AN1709: Analytic 1709

Monitor for API calls that are related to the AccountManager API on Android and Keychain services on iOS. Application vetting services may look for `MANAGE_ACCOUNTS` in an Android application’s manifest. Most applications do not need access to accounts, so extra scrutiny may be applied to those that request it.

MobileAN1709AnalyticObject v1.0 Modified
Glexia's Take

Analyst context for executives and security teams

Analyst confidence Medium

This analytic points defenders toward mobile application behavior involving account and credential-related services, specifically iOS Keychain services in the platform field and Android AccountManager-related references in the official description. For security leaders, the value is not that this alone proves malicious activity, but that mobile apps touching account stores deserve extra review because they may affect user identity, credential handling, and trust in managed mobile environments.

Executive priority

Prioritize this as a mobile identity and application-risk validation item. Leaders should ask whether mobile app vetting, MDM/MAM governance, and SOC workflows can identify applications that request or use sensitive account/keychain capabilities, and whether exceptions are documented for legitimate business apps. This can support compliance evidence around mobile application review and identity data protection, but local telemetry and policy enforcement determine actual coverage.

Technical view

For iOS, validate whether telemetry or app assessment processes can observe use of Keychain services by applications under review or deployed to managed devices. The official description also references Android AccountManager API calls and MANAGE_ACCOUNTS manifest review; however, the supplied platform field is iOS, so Android use should be treated as description context rather than platform scope for this object. No ATT&CK tactic, relationship context, or formal detection logic is supplied, so SOC teams should treat this as a detection-strategy prompt rather than a ready-to-deploy analytic.

Likely telemetry

  • Mobile application vetting results for sensitive account or credential-related API usage
  • iOS application behavior or static analysis indicators involving Keychain services
  • Mobile device management or mobile application management inventory showing installed or approved apps
  • Application permission and entitlement review data where available
  • Security review records documenting business justification for account or credential-store access

Detection direction

  • Validate that mobile app review processes flag apps that use account or credential-related services and route them for additional scrutiny.
  • Tune review outcomes around business context: password managers, enterprise SSO clients, banking apps, and device management agents may legitimately interact with credential stores.
  • Confirm whether the organization has visibility into API usage or only static metadata; lack of runtime visibility may create blind spots.
  • Because no official detection logic is provided, avoid treating a single API reference as malicious without corroborating app reputation, provenance, permissions, behavior, and business need.
  • Document the platform-scope limitation: the object lists iOS, while the description includes Android-specific AccountManager and MANAGE_ACCOUNTS references.

Mitigation priorities

  • Establish or strengthen mobile application vetting for apps that access sensitive account or keychain-related capabilities.
  • Require documented business justification and approval for apps that need credential or account-store access.
  • Use MDM/MAM policy to control which reviewed applications may be installed or used in managed environments.
  • Feed vetted findings into SOC and incident response workflows so suspicious mobile identity behavior can be investigated with device and app context.
  • Maintain compliance evidence showing how mobile apps with sensitive identity-related access are reviewed, approved, and periodically reassessed.
Analyst notes and limits

This is a detection analytic object, not a technique or intrusion report.

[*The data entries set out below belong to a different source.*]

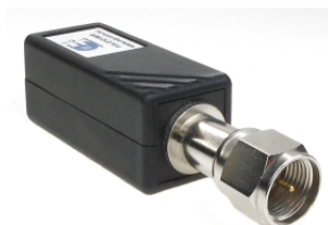
Video Balun F Male to RJ45 Slim Part Number: E10190R
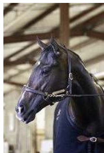
'04 OBS grad Proud Accolade

The Ocala Breeders' Sales Company hopes to continue the momentum of its February sale as it prepares to kick off the first of two selected sessions of the
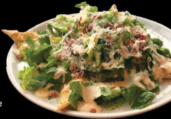
Hail Caesar Salad

Fresh mozzarella, fresh cut garlic, olive oil and oregano, with Marinara dipping sauce
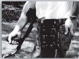
Hip and chest-mountable!
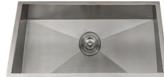
BIG SINGLE BOWL UNDERMOUNT Zero Radius Corner Hand Made Square ADA Compliant Sink SS-ADA-ORi-S2818 (28 x 18 x 5 1/2)
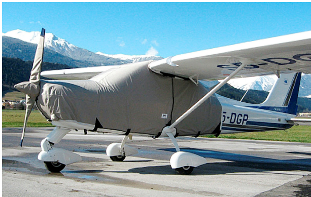
Tecnam Echo Extended Canopy, Engine, Prop Covers
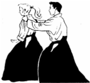
Ushiro ryokata dori
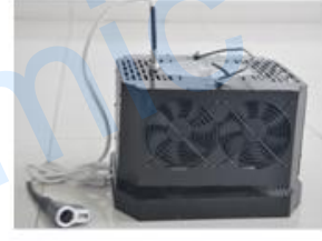
4) Completed installation
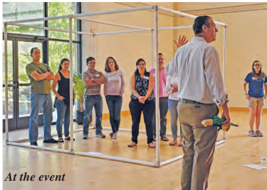
At the event

In September 2018, congregations and Jewish organizations across the region received an exciting email from the Jewish Federation of Greater Washington, asking for proposals about how Federation could invest in communities in a new way, to “encourage greater collaboration among organizations, increase engagement, and enhance community building.”
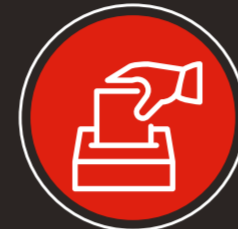
Democracy and Constitutionalism
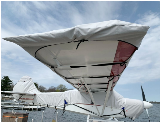
Aviat Husky Canopy, Engine, Wing, Empennage Covers

This cover type is made from Silver Acrylic Sunbrella canvas and is 100% lined with a soft and smooth microfiber. Bruce's Custom Covers developed this material combination especially for aircraft protection. The outer material is medium weight and treated for water resistance, UV resistance and anti-static buildup. The inner lining is a very soft and smooth microfiber to prevent scratching. The material is very reflective, and tests show that the cabin interior temperature can be reduced to near-ambient temperature on the hottest of days. It is water, ice and snow repellent, yet breathable to allow moisture to escape from between the cover and the aircraft surface.
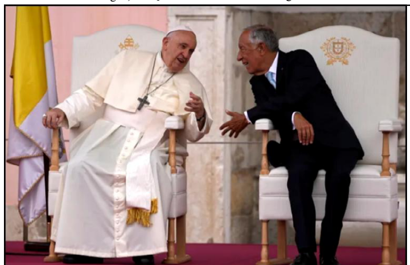
Pope Francis and Portugal's President Marcelo Rebelo de Sousa, right, converse at the Welcome Ceremony at the Belem presidential palace in Lisbon.
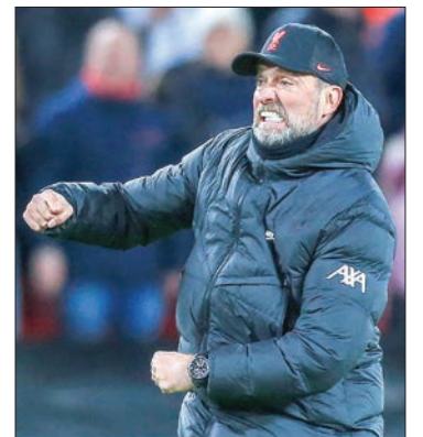
Liverpool's German manager Jurgen Klopp.

"It's a much better result than I would have ex-

Its strongest decision value is in validating mobile application governance and identity-related telemetry rather than deploying a specific signature. The absence of tactics and relationships limits ATT&CK-driven prioritization, so local mobile estate criticality, app inventory, and identity architecture should drive ranking.

The object provides no official detection logic, no tactics, no relationships, and no evidence of active exploitation or attribution. The platform field lists iOS, while the official description also contains Android-specific references; this take preserves that distinction and does not expand the supported platform scope beyond the supplied fields.

Official MITRE ATT&CK definition

Analytic 1709

Monitor for API calls that are related to the AccountManager API on Android and Keychain services on iOS. Application vetting services may look for `MANAGE_ACCOUNTS` in an Android application’s manifest. Most applications do not need access to accounts, so extra scrutiny may be applied to those that request it.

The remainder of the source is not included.